I noted this passage:
Open Text has made over $3 billion of acquisitions since 2005 and although the company does not break out results of acquired companies, EBITDA margins have increased to 35% from 17% over this period.
Get out your checkbook. Let the good times roll.
My view from rural Kentucky is less optimistic. Here are the points I noted on my Dollar General notepad as I worked through the articles about this deal:
- Michael Dell was quick to dump Documentum, underscoring the silliness of EMC’s rationale for buying the company in 2003 for about $1.7 billion
- The cost of maintaining Documentum server and the eight acquired company’s technology is likely to be tough to control
- The money needed to keep a 25 year old platform in tip top shape to compete with more youthful alternatives makes me wonder how OpenText will finance innovation
- The open source alternatives, whether for nifty NoSQL methods or clones of more traditional content management systems constructed by programmers with time on their hands, are likely to be a challenge.
To sum up, OpenText is a roll up of overlapping and often competing products and services. I hope the OpenText marketing department is able to sort out when to use which OpenText product. If customers are not confused, that’s good. If the customers are confused, the time to close a deal for a giant, rest home qualified software is likely to be lengthy.
OpenText is much loved by those in Canada. I recall the affection felt for Blackberry. Stakeholders will be watching OpenText to make sure that it does not mix up raspberries and blackberries. Blackberries, by the way, have “drupelets.” That sounds like Drupal to me.
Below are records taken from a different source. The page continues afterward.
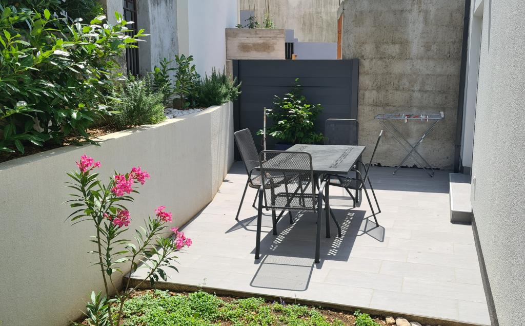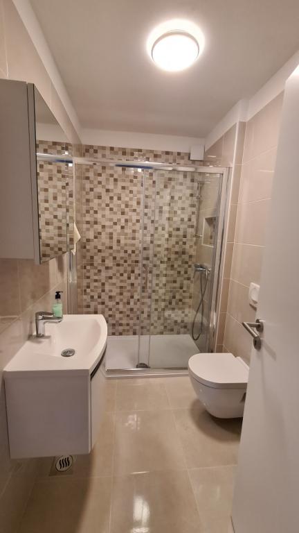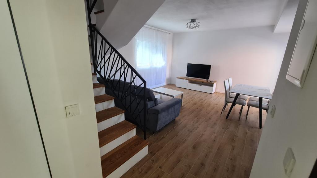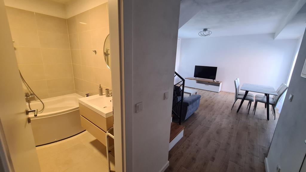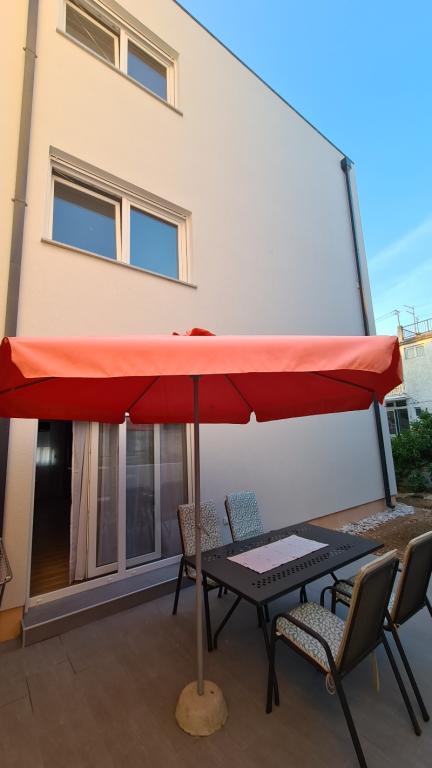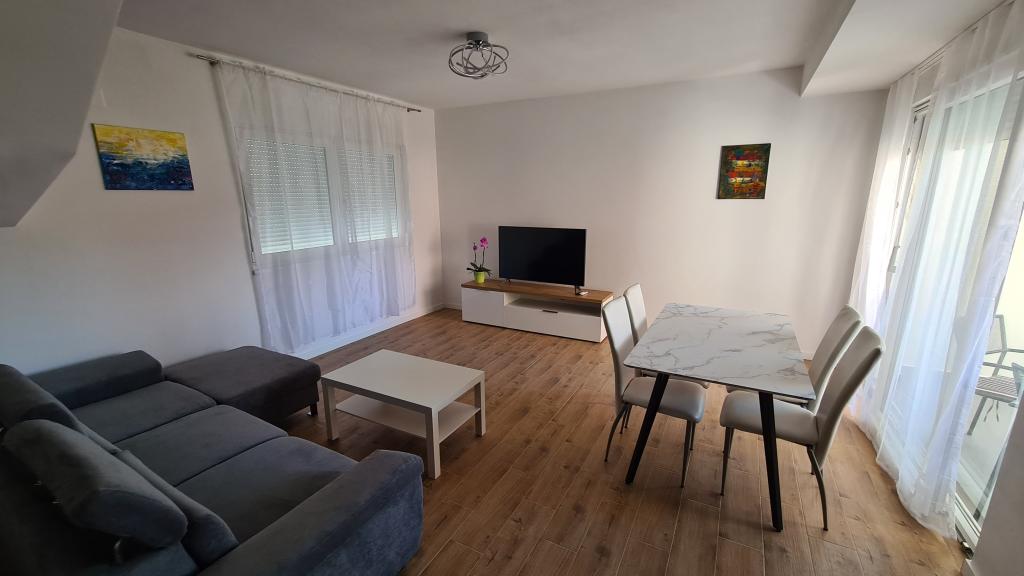 AP-Rez-de-chaussée : Appartement neuf et bien meublé, idéal pour de belles vacances. L'immeuble résidentiel se compose d'une entrée, d'une salle de bain, d'une cuisine, d'une terrasse privée et d'une salle à manger, d'un salon avec un canapé lit et d'une chambre avec un lit double. Les clients ont leur propre terrasse à leur disposition. Étage AP sur deux étages : Appartement neuf et bien meublé, idéal pour de belles vacances. Le bâtiment résidentiel est sur deux étages. Séjour au rez-de-chaussée (entrée, salle de bain, cuisine, loggia salle à manger et séjour avec canapé-lit) et coin nuit à l'étage (deux chambres avec lits doubles). Il est situé dans un emplacement exceptionnel, à deux minutes de la place centrale, à une minute des commerces et boulangeries et divers restaurants, et à trois minutes de la plage. Parking et Wi-Fi gratuits.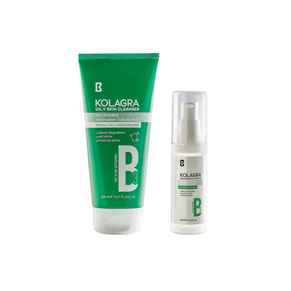 Balance, purify, and renew your skin with this targeted duo designed for oily and acne-prone skin. The Kolagra Oily Cleanser and Niacinamide Serum work together to control excess oil, tighten pores, and treat post-acne pigmentation, giving you a clearer, more refined complexion. Deep yet gentle cleansing for oily and acne-prone skin. This promo pack is your go-to solution for clarity, balance, and visible results.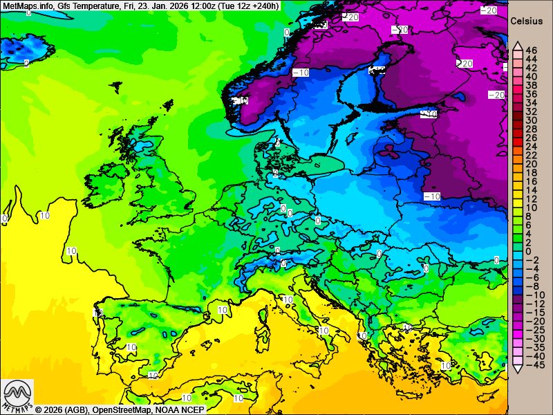 Die Europa-Temperaturen am 23.01.2026 (12:00 Uhr) nach GFS: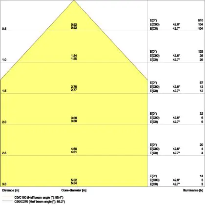 The colour code is a combination of colour rendering (CRI) and light colour (Kelvin). The first number indicates the colour rendering (1 = very poor colour rendering, 9 = maximum colour fastness). The second and third number contains the light colour. Example: the colour code 830 consists of good colour rendering (8) and warm white light (3000K). |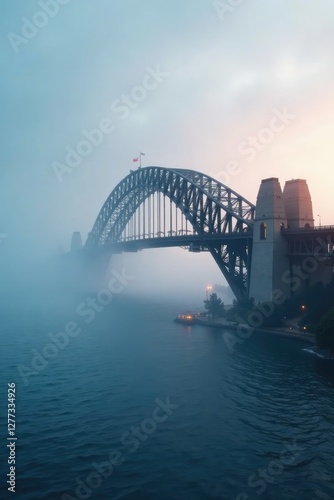 © Sathaporn Buarabut, Naklejka premium Thick fog veils Sydney Harbour Bridge landscape, fog, mist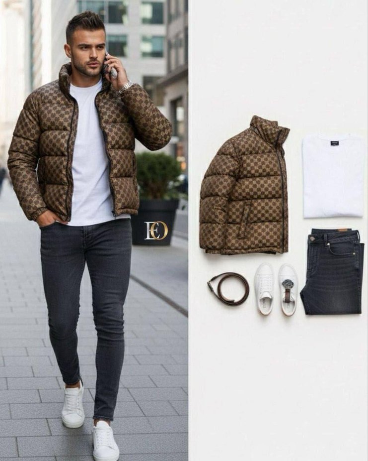 Kahverengi Desenli Puff Mont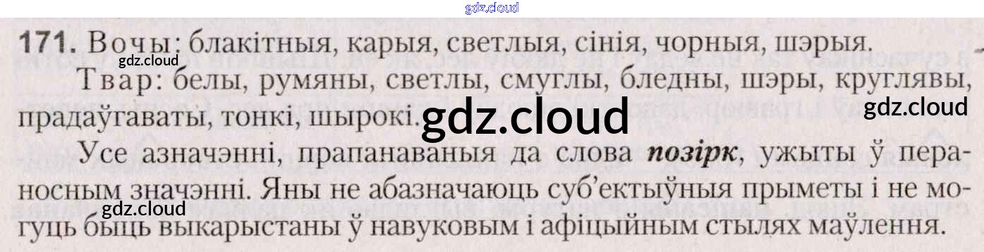 Ответ на задание 171 Учебник Белорусский язык за 7 (седьмой) класс Валочка, Язерская 2020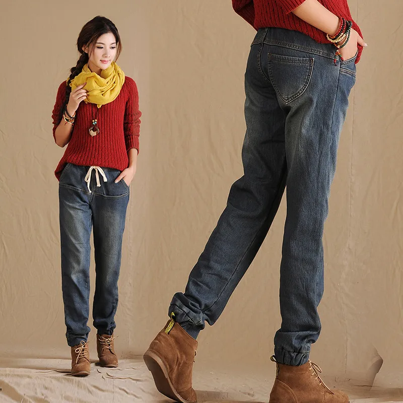 discounted Elastic Waist Winter Jeans Pants Loose Women's Harem Pants Trousers Plus Thick Velvet Warm Straight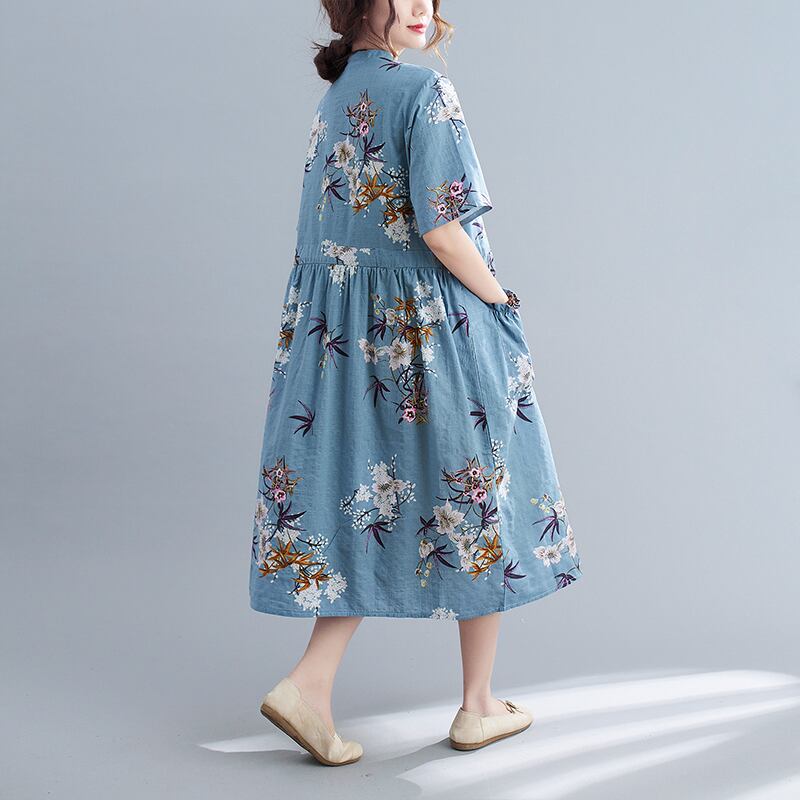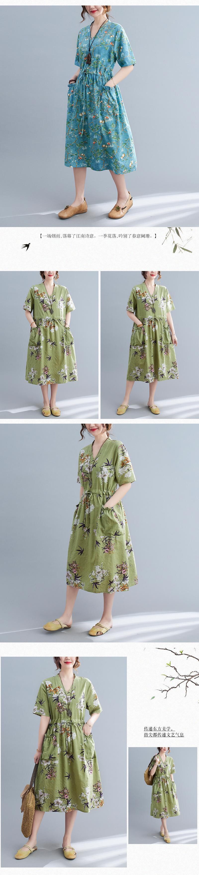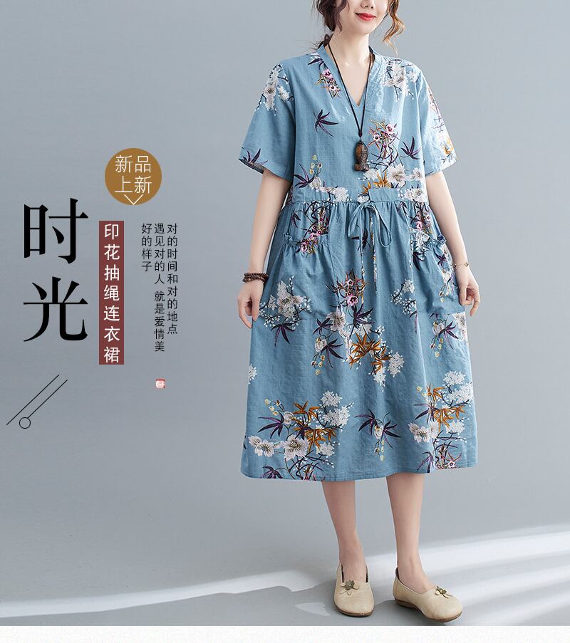 2021年プラスサイズのスリムコットンとリネンドレス膝上にロングVネックプリントリネンスカート半袖ルーズスカート 大きめサイズ TB2-12 TB2-122669238163

Stephen E Arnold, September 14, 2016
September 12, 2016
I read “Hewlett Packard Offloads Last Autonomy Assets in Software Deal.” I think that Autonomy is now going back home. Blood pudding, the derbies, and Indian take aways—yes, the verdant isle.
The union of Hewlett Packard (once an ink outfit) and the love child of Bayesian and Laplacian methods is burst asunder. HPE (the kissin’ cousin of the ink outfit) fabricated a deal only lawyers, MBAs, and accountants can conjure.
There is an $8 billion deal, cash to HPE, and a fresh swath of lush pasture for Micro Focus to cultivate.
“Autonomy doesn’t really exist as an entity, just the products,” said Kevin Loosemore, executive chairman of Micro Focus. Loosemore said the Newbury-based business conducted due diligence across all of the products included in the deal, with no different approach taken for the Autonomy assets. No legal liabilities from Autonomy will be transferred to Micro Focus.
Integration is what Micro Focus does. Autonomy embodied in products was once a goal for some senior Autonomy executives. The golden sun is rising over the mid 1990s technology.
We wish Micro Focus well. We wish HPE well as it moves toward the resolution of its claims against Autonomy for assorted misdeeds.
Without search, HPE ceases to interest me. While HPE was involved in search, there was some excitement generated, but that is winding down and, for some I imagine, has long since vaporized.
I will have fond memories of HP blaming Autonomy for HP’s decision to buy Autonomy. Amazing. One of the great comedic moments in search and fading technology management.
Autonomy is dead. Long live Autonomy. Bayes lasted 60 years; Autonomy may have some legs even if embodied in other products. IDOL hands are the devil’s playthings I think. PS. I will miss the chipper emails from BM.com. Substantive stuff.